THIS PROJECT IS IN ALPHA STAGE. I'm looking for testers/contributors.

halfORM: PostgreSQL to Python made easy

half_orm maps an existing PostgreSQL database to Python objects with inheritance as defined in PostgreSQL.

Why half?

The SQL language is divided in two different parts:

  • the data definition language part (DDL) to manipulate the structure of a database,
  • the data manipulation language par (DML) used for selecting, inserting, deleting and updating data in a database.

half_orm only deals with the DML part. Basically the INSERT, SELECT, UPDATE and DELETE commands.
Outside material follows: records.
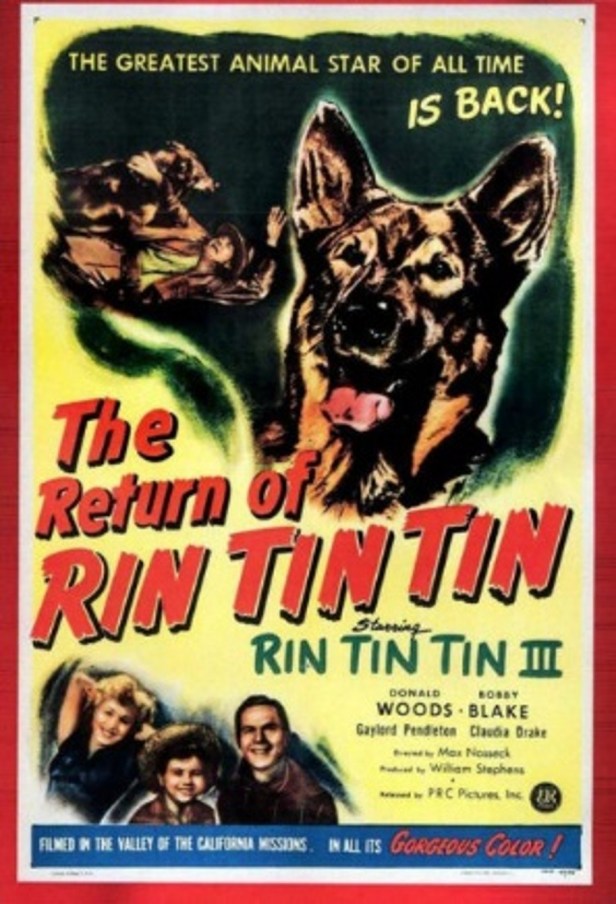 Rin Tin III, a grandson of the original dog, was billed as the star of “The Return of Rin Tin Tin” from 1947. The boy in the film was played by “Bobby” Blake, who would later become infamous as actor Robert Blake. During World War II, Rin Tin Tin III was used to recruit volunteers for the “Dogs for Defense” program. Lee Duncan, who had served in World War I, trained hundreds of the dogs who were donated for this effort.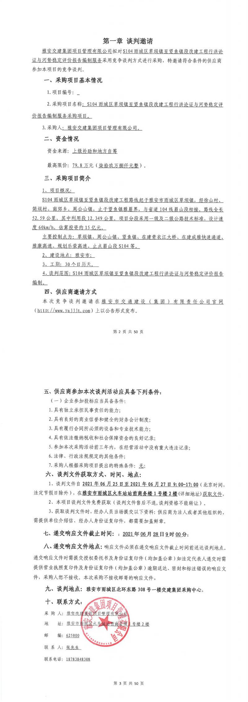 雅安交建集團(tuán)項(xiàng)目管理有限公司S104雨城區(qū)草壩鎮(zhèn)至望魚鎮(zhèn)段改建工程行洪論證與河勢穩(wěn)定評價(jià)報(bào)告編制服務(wù)采購項(xiàng)目競爭談判公告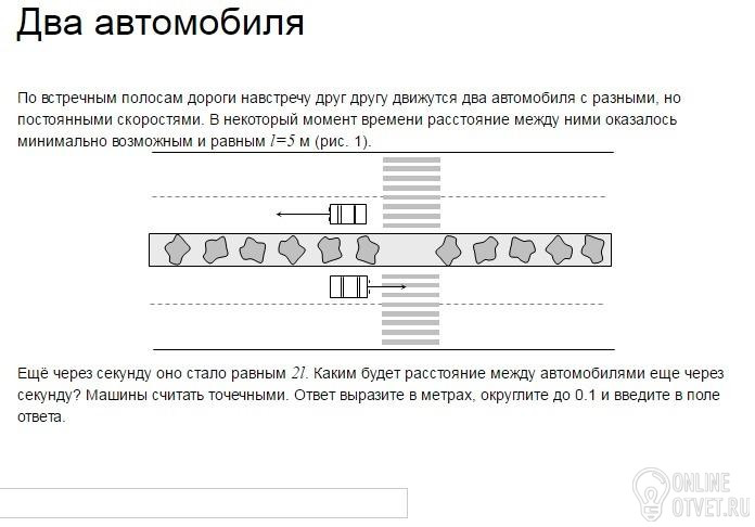 Через 1 секунду автомобили разъехались в разные стороны и расстояние между ними стало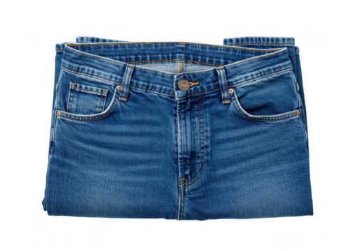 A pair of folded blue denim jeans with pockets and a button closure isolated on transparent background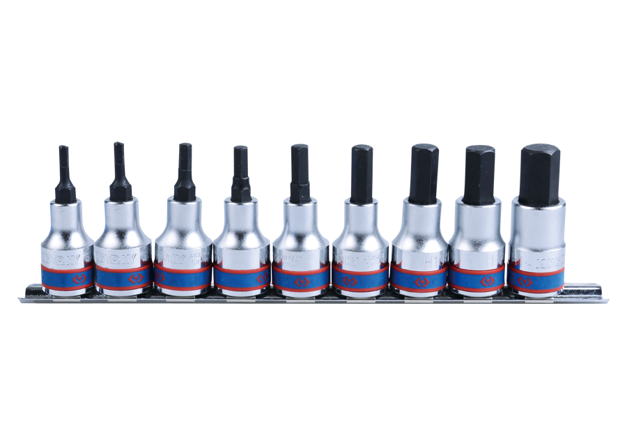 • KING TONY Ref: 4110PR10 Juego Vasos 1/2" con punta hexagonal sobre rail - 9 piezas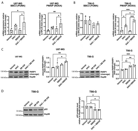 DNMT1 and HDAC combinatory inhibition induced the expression of pro-apoptotic genes. (A,B) Quantitative RT-PCR of BBC3 (PUMA) and PMAIP (NOXA) mRNA expression levels after the treatment with 500 nM DAC and/or 500 nM SB939 in the U87-MG (A) and T98-G (B) cells. The results are expressed as . (C) Representative Western blot and densitometric analysis of the PARP1 protein cleavage after the treatment with 500 nM DAC and/or 500 nM SB939 in the U87-MG (left) and T98-G (right) cells. (D) Representative Western blot analysis of the p53 protein expression level after the treatment with 500 nM DAC and/or 500 nM SB939 in the T98-G cells (left) and densitometric analysis (right). The data is expressed as the mean ± SD, * p value ≤ 0.05; ** p value ≤ 0.01; *** p value ≤ 0.001; test—unpaired two tailed t-test of treated samples vs. vehicle, corrected for multiple testing with the Bonferroni method.

This makes half_orm easy to learn and use. In a way, half_orm is more a ROM (relation-object mapper) than an ORM.

Getting started

You have a PostgreSQL database ready at hand (not in production of course this is alpha!!!)

Install half_orm

run pip install half_orm in a virtual environment.

Set the shell variable HALFORM_CONF_DIR:

% mkdir ~/.half_orm
% export HALFORM_CONF_DIR=~/.half_orm

Create a connection file in the HALFORM_CONF_DIR containing the following information (with your values):

[database]
name = db_name
user = username
password = password
host = localhost
port = 5432

Your ready to go!

Connect to the database

>>> from half_orm.model import Model
>>> my_db = Model('my_database')

Where my_database is the name of a file located in the directory referenced by the shell variable HALFORM_CONF_DIR if defined, by /etc/half_orm otherwise.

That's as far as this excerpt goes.